Korea is the fifth largest producer of steel in the world, and generates a large amount of steel slag. Steel slag is an industrial waste and is obtained as a by-product during the production of steel [16]. Extensive research is underway on recycling steel slag into a high-value material, which can lead to significant economic benefits [17]. Additionally, its use as aggregate in concrete has resulted in advantages such as improved resistance to shrinkage [17,18]. However, it is not suitable for reuse as an aggregate in concrete, since it contains free CaO, which causes expansion and does not secure volume stability [19]. To use steel slag as an aggregate, the free CaO content must be reduced to below 2% to prevent expansion, otherwise it cannot be used [20]. Previously, free CaO content in steel slag could not be reduced to under 2%, and it was mainly used as an aggregate for sub-base coarse materials in Korea. The specifications for steel slag were constituted to evaluate its applicability for soil compaction [21]. However, when steel slag is aged, the probability of expansion or collapse can reduce [22]. To age the steel slag, it is exposed to air for at least three months, which transforms the CaO into Ca(OH)2, stabilizing it. Aging the steel slag in water can significantly reduce the aging period [23].

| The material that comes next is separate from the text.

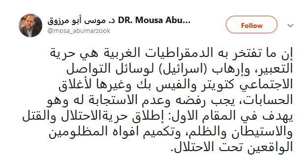 وفي تغريدة لعضو المكتب السياسي لحركة حماس موسى أبو مرزوق، علّق قائلا :"يهدف هذا الإجراء إلى إطلاق الحرية للقتل والاستيطان وتكميم أفواه المظلومين الواقعين تحت الاحتلال الإسرائيلي"، وأضاف في تغريدته: "تفتخر الديمقراطيات الغربية بحرية التعبير، لذلك يجب أن نرفض الإرهاب الإسرائيلي بحق وسائل التواصل الاجتماعي لإجبارها على إغلاق حسابات معينة".

Drying shrinkage is defined as a volume change due to the drying of concrete; it affects the stability of concrete, and is dependent on the properties of concrete-making materials and mix proportions [24,25]. Therefore, the characteristics of drying shrinkage must be evaluated when different materials are used in concrete.

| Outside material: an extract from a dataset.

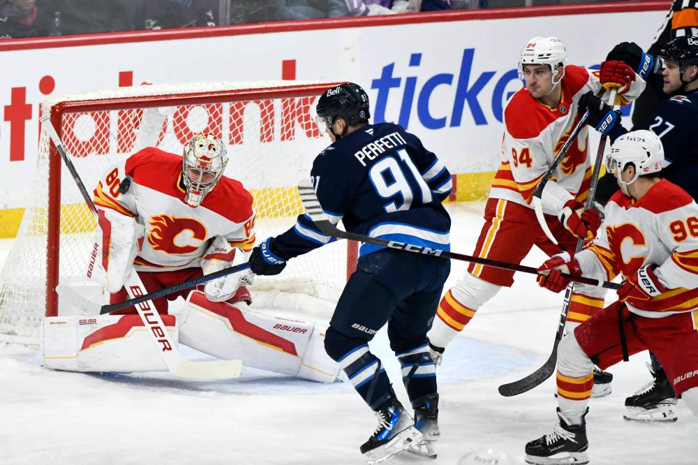 Calgary Flames’ goaltender Dan Vladar makes a save on Winnipeg Jets’ Cole Perfetti (91) during the first period on Sunday.

As described above, the mechanical properties and the durability of concrete (mortar) using heavyweight waste glass as fine aggregate were investigated. The results show that heavyweight waste glass can be used to reduce the drying shrinkage [26]. This is due to the low water absorption value of the glass [26,27,28]. The reduction effect of drying shrinkage was more pronounced with the increase in substitution ratio of the heavyweight waste glass [9,26,29]. However, when heavyweight waste glass is substituted as a fine aggregate in concrete (mortar), the compressive strength decreases. This is most likely due to the poorer adhesion between the smooth surface of glass and the cement paste [8]. The performance degradation caused by heavyweight waste glass in concrete can be improved by using mineral admixture as a binder. Our previous studies demonstrated the feasibility of using heavyweight waste glass as a fine aggregate in concrete [8,12,13,26,27]. Until now, however, studies on the drying shrinkage of concrete using both heavyweight waste glass and steel slag have rarely been conducted. In other words, investigations into the characteristics of drying shrinkage for concrete specimens using steel slag as the coarse aggregate and heavyweight waste glass as the fine aggregate are unprecedented.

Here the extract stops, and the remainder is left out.